The Bulgarian Pressa (Press) daily writes Monday that Tsvetanov could end up being held behind bars or under house arrest in just days, in case the investigation proves he has been issuing verbal orders to policemen to spy on a number of people in breaching the law, as three of these policemen have testified.
Last Thursday, Bulgarian Chief Prosecutor Sotir Tsatsarov formally requested that Tsvetanov be stripped of his immunity as lawmaker.
Tsatsarov did not ask for an arrest, but stressed the detention measure will be decided on by the leading prosecutor in the case. If the prosecution gathers enough evidence to ground the arrest, it must be given the green light by the Parliament.
The probe is at stalemate as Tsvetanov is yet to give up his immunity as Member of the Parliament, despite him reiterating on several occasions he was ready to do so.
On Friday, the leader of the formerly-ruling center-right Citizens for European Development of Bulgaria party, GERB, and former Prime Minister, Boyko Borisov, said Tsvetanov will be voluntarily stripped of immunity after June 4 as until then he will be on a planned and scheduled earlier trip to Brussels.
Tsvetanov faces charges of failing to exercise proper control over the use of special surveillance devices during his term in office.
The former Interior Minister may be jailed for up to 8 years if proven guilty.
The final charges against him depend on expert reports in the examination of seized wiretapping equipment and of the minivans used for the spying, along with the level of success in the attempt to restore deleted illegal recordings.

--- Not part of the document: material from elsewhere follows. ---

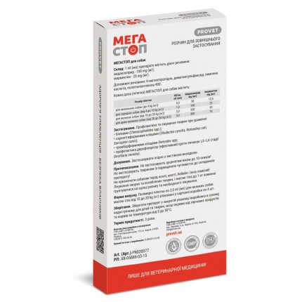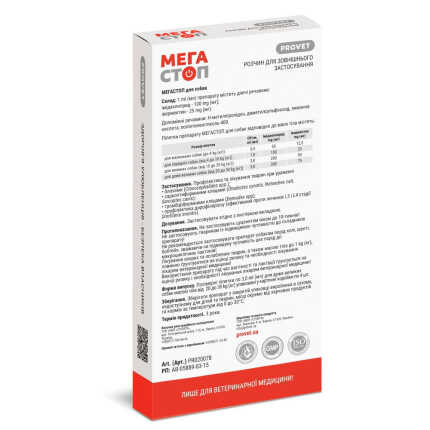 Краплі Provet МЕГАСТОП для собак від 20 до 30 кг від зовнішніх та внутрішніх паразитів 1 піпетка х 3 мл
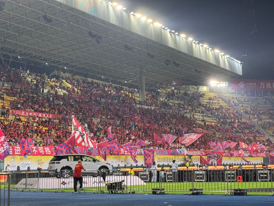 整场比赛气氛热烈,球迷助威声不断,30面主场队旗、10面助威横幅,搭配1500面球迷方阵旗海、5000面围巾墙,营造了浓厚主场氛围;在主席台对面还设置了主客场球衣巨幅TIFO展示,全场13000个数控灯助威棒同步闪烁。

The Bulgarian Pressa (Press) daily further writes that if the former Minister continues to weasel about the immunity, he could be banned from leaving the country.
The Bulgarian Watergate scandal unfurled at the end of March when Sergey Stanishev, leader of the Bulgarian Socialist Party (BSP), submitted a tipoff to Tsatsarov about alleged illegal wiretapping of politicians, businesspeople and magistrates which had taken place during the rule of Borisov's GERB party (2009-2013).
Borisov was also questioned by the prosecution.
Three out of the four senior policemen, who were charged in the scandal with unauthorized spying, told the investigators they acted on Tsvetanov's verbal orders.
The admission made the latter the main instigator of the illegal wiretapping.
The cases against three former directors of the Specialized Directorate Technical Operations of the Interior Ministry (SDOTO), Sergey Katsarov, Kamen Kostov and Tsvetan Ivanov, and one Kostov's subordinate - Radko Dimitrov - are now frozen temporarily until the issue with the former Interior Minister's immunity is resolved.
Meanwhile, unconfirmed reports emerged that the former Interior Minister has hired a high-profile German lawyer to defend him.
Tsvetanov has refused to reveal the lawyer's name to the local Standard daily. The paper has described the former Interior Minister's attorney as a "prominent German security expert."